The paragraph may be double, but that is no reason for
We think this paragraph constituted a good defence to plaintiffs’ cause of action; and for the same reasons we hold that the third paragraph of this answer was good.
Counsel for appellants in their brief admit that “ the questions on the other answers are of slight importance;” and if they are only to be regarded as argumentative denials, there was no error in overruling the demurrers to them. And there was no error in overruling the demurrers to the second and third paragraphs of the answer of the Jeffersonville Plate Glass Company. !
As the evidence is not in the record, the third reason stated in the motion for a new trial is the only one urged by appellants’ counsel, and that is based upon an irregularity occurring at the trial, by some of the jurors separating from the others, after the court had charged them and they had been placed in charge of a sworn bailiff.

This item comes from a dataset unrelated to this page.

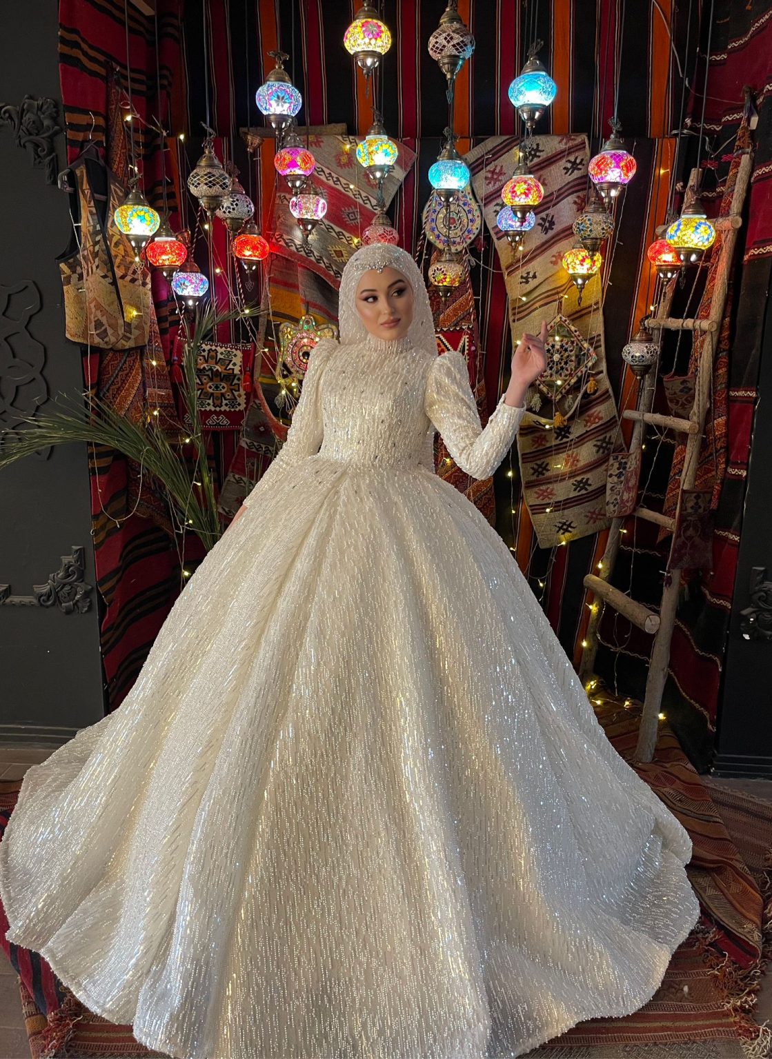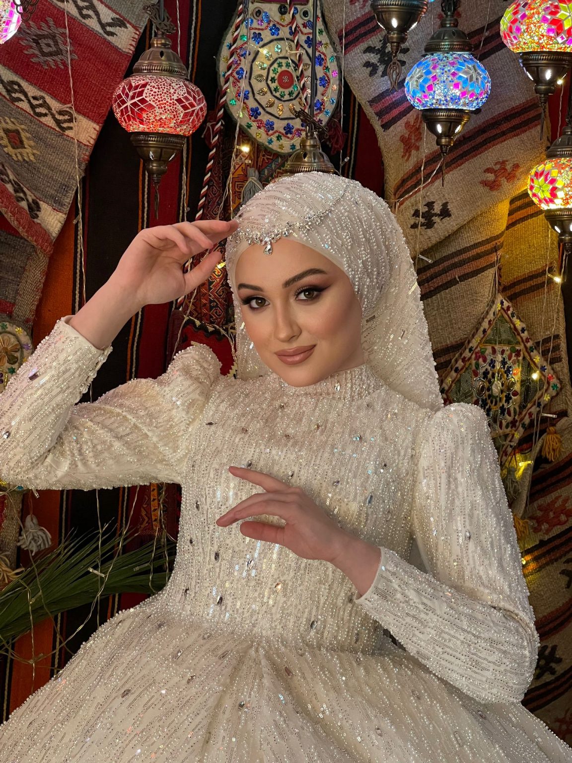 Hira Boncuk İşlemeli Tesettür Gelinlik, her detayı el emeğiyle işlenmiş zarafetin parlayan bir örneği. İnce boncuklar ve küçük taşlarla bezenmiş tül dokusu, hem geleneksel hem de modern bir atmosfer yaratır. Vücuda oturan zarif kesimi, prenses formundaki etekle birleşerek asil bir siluet oluşturur. Işığı büyüleyici şekilde yansıtan kumaşıyla sahnede adeta bir yıldız gibi parlar.

In support of this reason affidavits were filed on the part of the plaintiffs, and counter affidavits in explanation on the part of defendants, by which it appears that some 'of. the jurors understood that when the court finished its charge to them it gave them a short recess, as it had frequently done before during the progress of the trial. Under this impression, two of them went down stairs to the back door of the court-house, and immediately returned; said nothing to any person, and no person said anything to them; one of the jurors went out of the court-house and went to a saloon and drank a glass of beer; while there was asked what was his hurry ? He answered that he was on the jury, and had to hurry back, and immediately returned to the jury room, which was all that was. said by or to him, or done by him while absent. The jurors were all in the jury room and in charge of the bailiff
The evidence shows that no attempt was made by any person to tamper with either of the jurors while absent, and that the one who had taken a glass of beer was not perceivably intoxicated thereby, nor in the least disqualified from discharging his duties as a juror in the case.
This was not a sufficient irregularity to require the verdict to be set aside and a new trial granted. Pratt v. State, 56 Ind. 179; Barlow v. State, 2 Blackf. 114; Porter v. State, 2 Ind. 435; Stutsman v. Barringer, 16 Ind. 363; Creek v. State, 24 Ind. 151. The misconduct of a juror, in order to be sufficient to justify the granting of a new trial, must be gross, and must have resulted in probable injury to the complaining party. Harrison v. Price, 22 Ind. 165; Whelchell v. State, 23 Ind. 89; Medler v. State, ex rel. Dunn, 26 Ind. 171.
The motion having been submitted to the court upon the affidavits on both sides, and decided by the court in favor of appellees, we think the evidence sustained the decision of the court, and that there was no error in overruling the motion.
The judgment of the court below ought to be affirmed.
Per Curiam. — It is therefore ordered, upon the foregoing opinion, that the judgment of the court below be and it is in. all things affirmed, with costs.